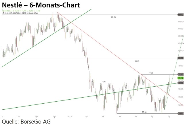 werden. Auf Basis des Doppelbodens würde sich weiterer Spielraum bis in den Bereich 83,00 CHF bieten. Wenn es Nestlé
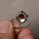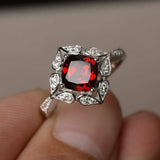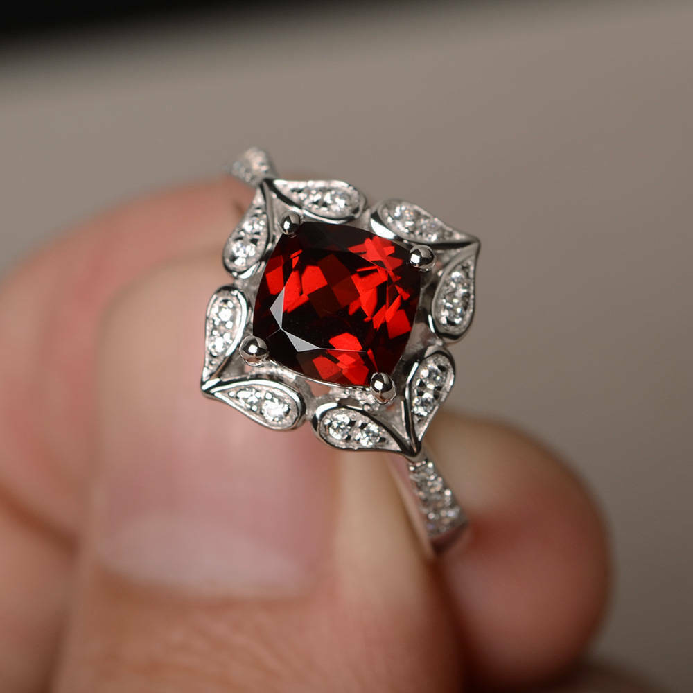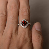 1.5ct Cushion Cut Red Garnet Engagement Ring 14k White Gold Finish Floral Women
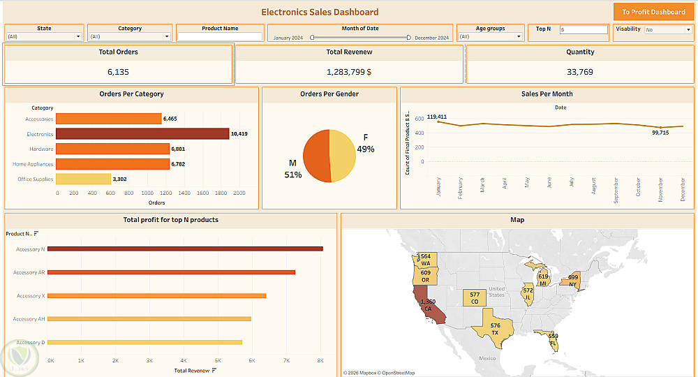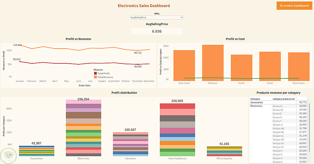 لوحة بيانات تفاعلية لتحليل مبيعات وأرباح الأجهزة الإلكترونية.

#### Description of the task
In the data above, find the line with "1.5ct Cushion Cut" and repeat it and every line after it through the end, exactly; leave the pictures out.

#### Written answer
 1.5ct Cushion Cut Red Garnet Engagement Ring 14k White Gold Finish Floral Women
 لوحة بيانات تفاعلية لتحليل مبيعات وأرباح الأجهزة الإلكترونية.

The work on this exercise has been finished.